Migrate NRQL conditions to conform to native Loss of Signal Detection -
What is This App:
This is a bulk review and edit tool for NRQL conditions that may need Loss of Signal detection configured in order to prevent false negatives from occuring after the rollout of New Relic One Streaming Alerts.
Throughout the month of October, 2020, New Relic is rolling out “New Relic One Streaming Alerts” for NRQL Conditions. This new platform will deliver a good number of benefits that will ultimately make alerts more accurate and reliable while delivering significant improvements in time-to-detect. Read about the details of this release here.
With this rollout, we will be making the entire streaming pipeline event-driven to improve reliability, delivering official support for loss of signal detection, and allowing you to specify which gap filling strategy you wish to use.
Critical Change in Behavior:
This rollout will change behavior that you may be relying on to detect when an entity or service goes offline. We will no longer be inserting a “0” into the alert evaluation stream when there are gaps in the data. Gaps in data occur when there is no data for a specific aggregation window. Therefore, if you are currently monitoring for the uptime of an entity of service using an alert condition with an evaluation that uses a “<” operator, or “=0” , they will immediately stop working once the new streaming platform is enabled on your account. This will result in “false negatives” if that monitored service does go down.
To prevent this, you MUST update all such NRQL conditions to use the new loss of signal detection capability BEFORE, or immediately after, New Relic One Streaming Alerts is enabled for your account. If you are reading this after October 28, 2020, then you can use this to find the conditions that may no longer be working and need updating.
How This App Works:
This app is a bulk review and editing tool for all nrql conditions for a given account that use either the “<” operator with any threshold value, or use the “=” operator with a threshold value of “0”. The key elements of the NRQL Condition are listed as read-only in the left portion of a row, with the new settings for Loss of Signal and Gap Filling exposed on the right side. If there are already values set for those fields, they will be displayed. You may edit and update conditions individually, or edit and update them in batches.
The “Auto-fill Suggestions” button is here to help you if you are not sure what to enter for Loss of Signal duration. When you select a set of NRQL condition rows, and click the button, it will fill in a time for the duration and enable the “open violation on expiration” option. The duration time will be the sum of the evaluation duration and the evaluation offset.
What do the Settings Mean:
Loss of Signal
Duration: Also listed as “expiration.duration” in NerdGraph, is the clock-time for how long we should wait from the time the alert service received the last data point before we consider this signal lost.
Open Violation: When a signal is considered lost, you have the option to open a new violation, which will usually create a new notification. “Auto-fill Suggestions” will check this box.
Close Violations: When a signal is considered lost, you can choose to close all open violations related to that signal. This is useful for ephemeral services, or if the signal stopping causes a violation to not close. When both options are chosen, all violations for that signal are closed before the new “Loss of Signal” violation
Gap Filling Strategy
Fill Option: There are 3 fill option strategies to choose from : None, Static, and Last Value.
- “None” is the default. When there is an aggregation window that has no value when being evaluated, the window will stay empty, and the evaluation duration timer will reset.
- “Last value” will carry the last seen value forward to fill that gap before being evaluated.
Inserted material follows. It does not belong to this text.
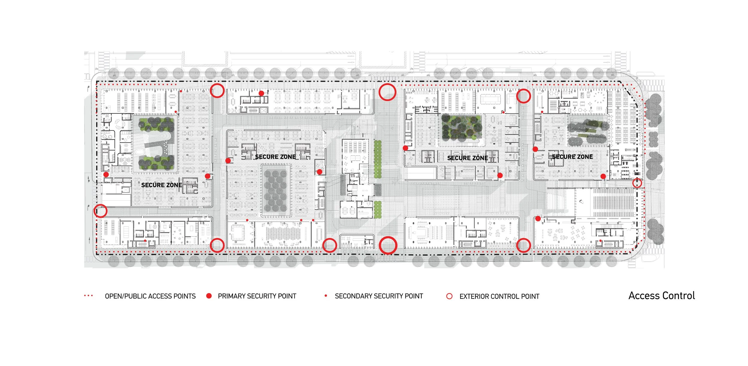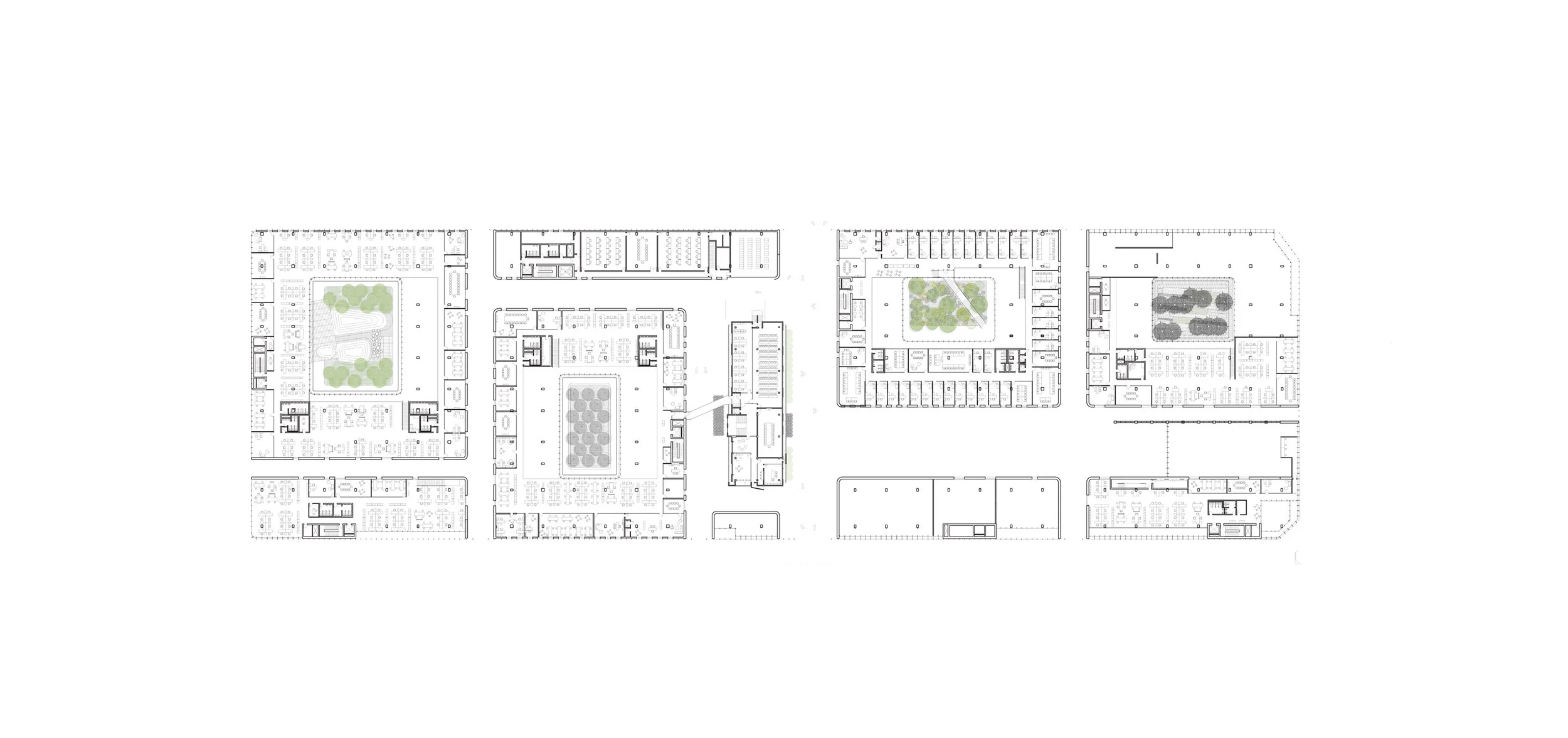 Each courtyard may be accessed across the dynamic and adaptive facades of each building, allowing the courts to fully support adjacent interior programs.

- “Static” will fill the gap with a static value that you specify in the “Fill Value” field. For most use cases, the value used here is “0”. The “Fill Value” field is only valid for the “static” fill option.
Installation / Setup -
Login to New Relic One, click on the New Relic One Catalog launcher, select Loss of Signal Alerts Migrator, and install/configure account-level access to the application.
Or else, use the NR1 CLI to download, install, and deploy it yourself.
nr1 nerdpack:clone -r https://github.com/newrelic/nr1-alerts-los-migrator.git cd nr1-alerts-los-migrator nr1 nerdpack:serve
Visit https://one.newrelic.com/?nerdpacks=local, navigate to the Nerdpack, and
This Nerdpack is supported by the developers here in this community thread, or alternatively you can ask questions and in the Github Issues page. If you can fix the issue yourself, please do submit a pull request.